> **Task objective**:
Repetition must be exact and must stop with the line bearing "リピ確って言ってもらえたの、". It begins at the first line of the records and includes no pictures.

> **Data records**:
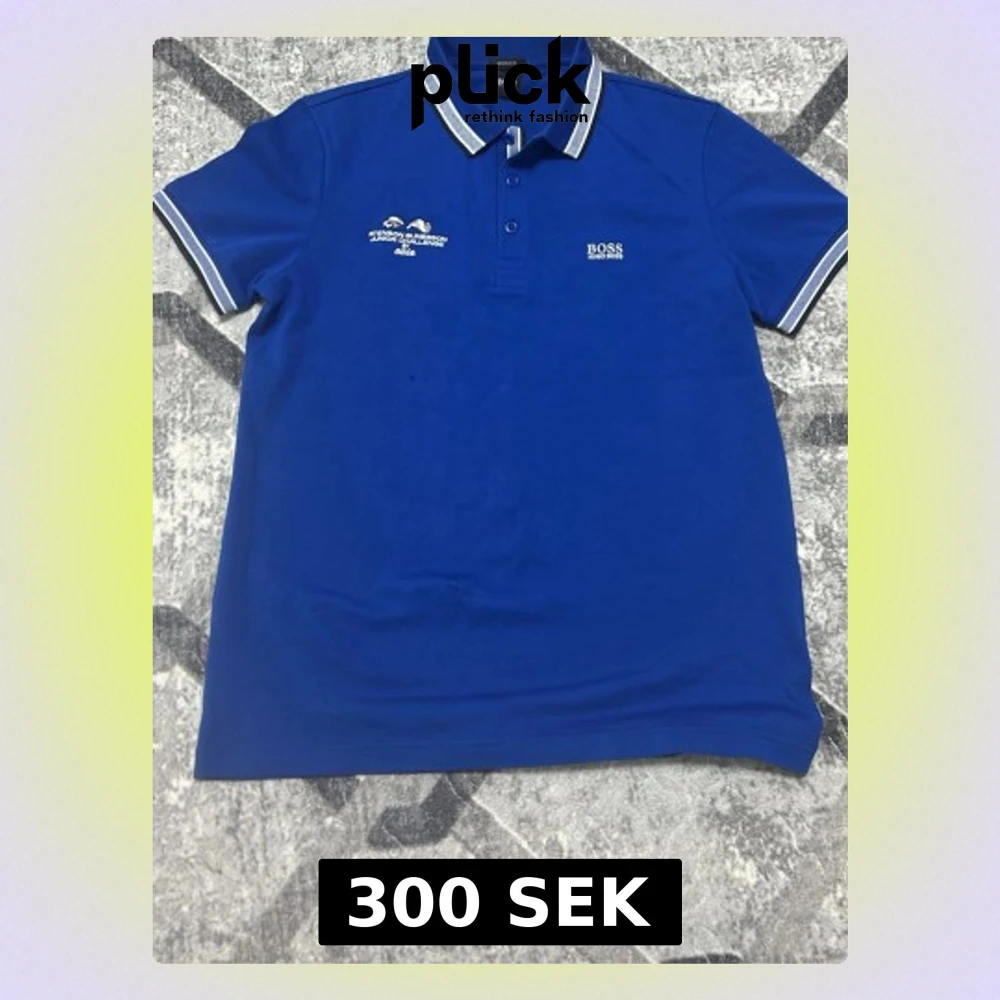 Snygg blå pikétröja från BOSS med vit logga på bröstet och kontrasterande vita detaljer på krage och ärmslut. Klassisk polokrage med knappar och korta ärmar. Perfekt för en stilren och sportig look.
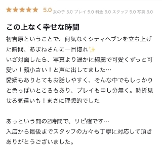 リピ確って言ってもらえたの、ほんとに嬉しいです😘また会えた時は、もっともっと仲良くなれたらいいなって思ってます!
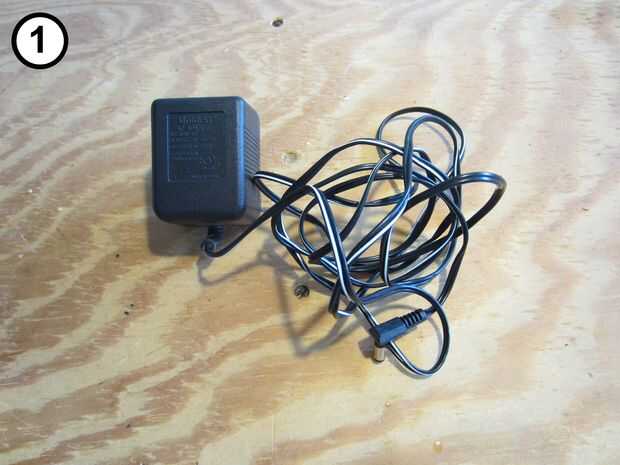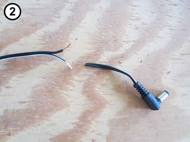 1. Tomar la fuente de alimentación de 9 voltios (Foto 1) y corte el cable de alimentación (Foto 2).
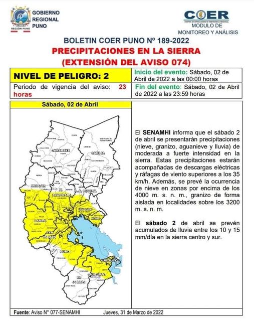 Desde el Centro de Operaciones de Emergencia Regional – COER Puno, se pone de conocimiento de la población y autoridades que, hasta las cero horas de este sábado 02 de abril, se anuncia la presencia de lluvias de moderada intensidad.
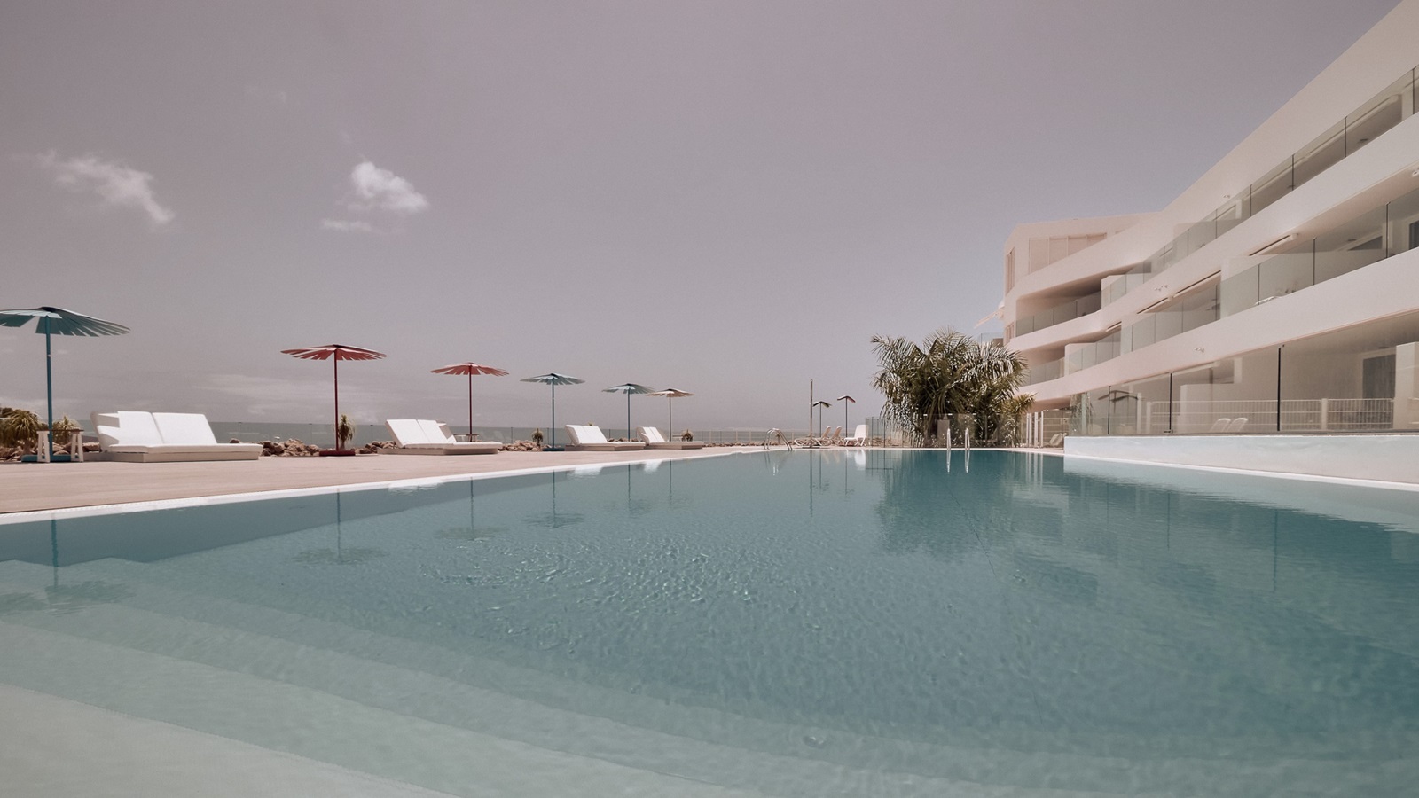 ligbedden, parasols en handdoeken aan het zwembad
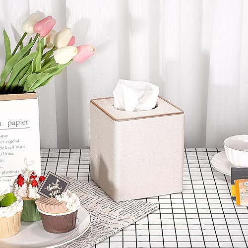 High Quality - The attractive tissue box cover is made of high quality MDF(inside) + Linen (outside) materials; It's sturdy to keep the tissue box from being crushed;The stitching is not only even and neat, but also contrasts nicely with the beige linen material.
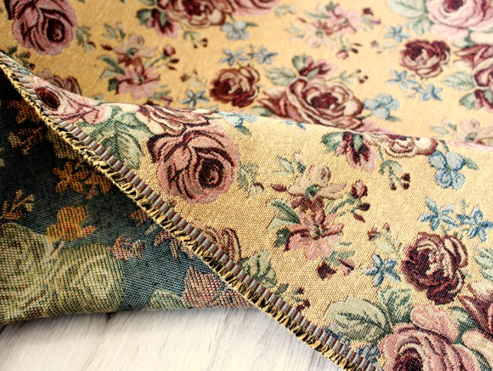 Tato dekorační/potahová gobelínová látka Gold plus v hořčicově žluté barvě je zdobena bohatým květinovým vzorem. Na látce jsou vyobrazeny růže a další květiny v odstínech růžové, červené, modré a zelené barvy, což vytváří elegantní a klasický vzhled. Vzor je detailní a bohatý, což činí látku ideální pro dekorativní účely nebo jako potahový materiál na nábytek. Tato látka je vyrobena z kvalitních materiálů, což zajišťuje její dlouhou životnost a odolnost vůči opotřebení. Perfektně se hodí na výrobu polštářů, přehozů, závěsů a čalounění různých druhů nábytku, jako jsou křesla, pohovky nebo židle.
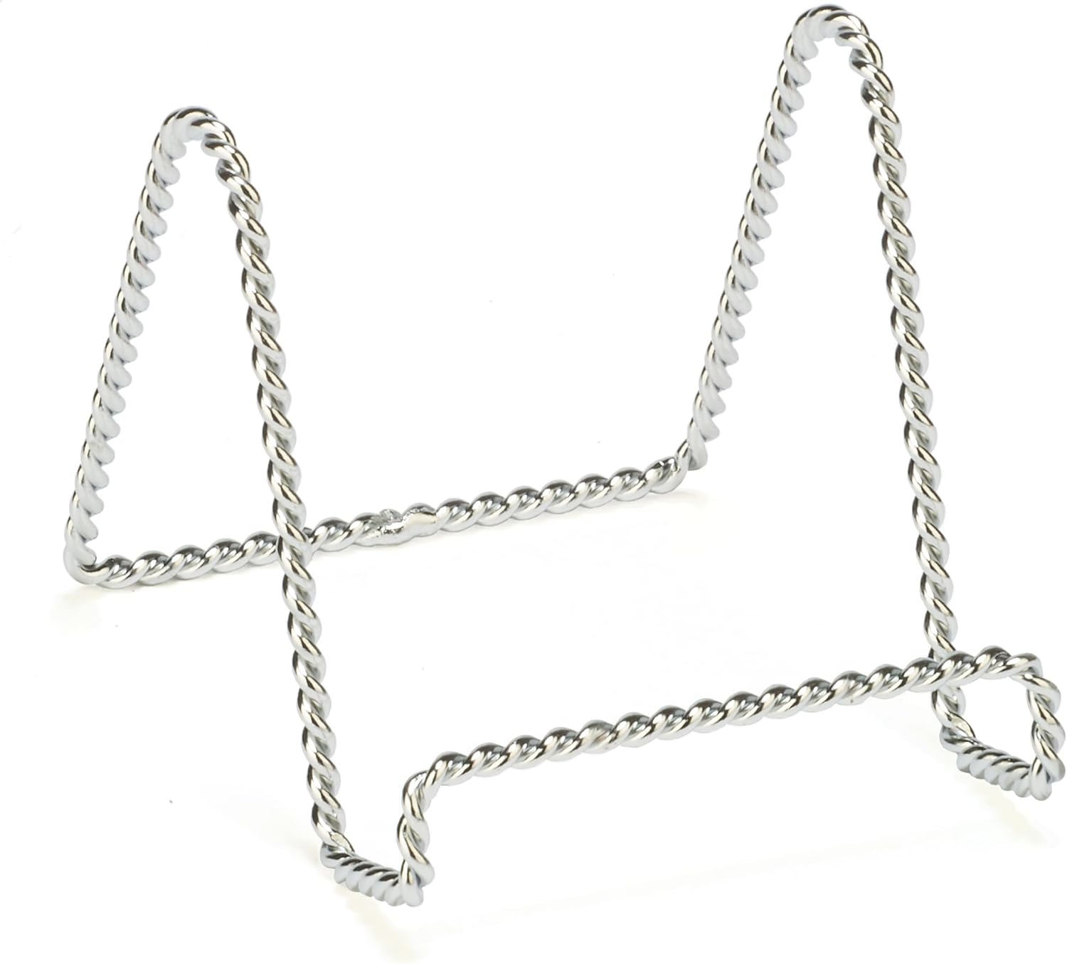 TRIPAR Decorative Twisted Wire Stand, Chrome Display (3 Inch Depth) Tabletop Easel Sleek & Modern Look - Perfect for Books, Plates, Photos & More

> **Response area**:
 Snygg blå pikétröja från BOSS med vit logga på bröstet och kontrasterande vita detaljer på krage och ärmslut. Klassisk polokrage med knappar och korta ärmar. Perfekt för en stilren och sportig look.
 リピ確って言ってもらえたの、ほんとに嬉しいです😘また会えた時は、もっともっと仲良くなれたらいいなって思ってます!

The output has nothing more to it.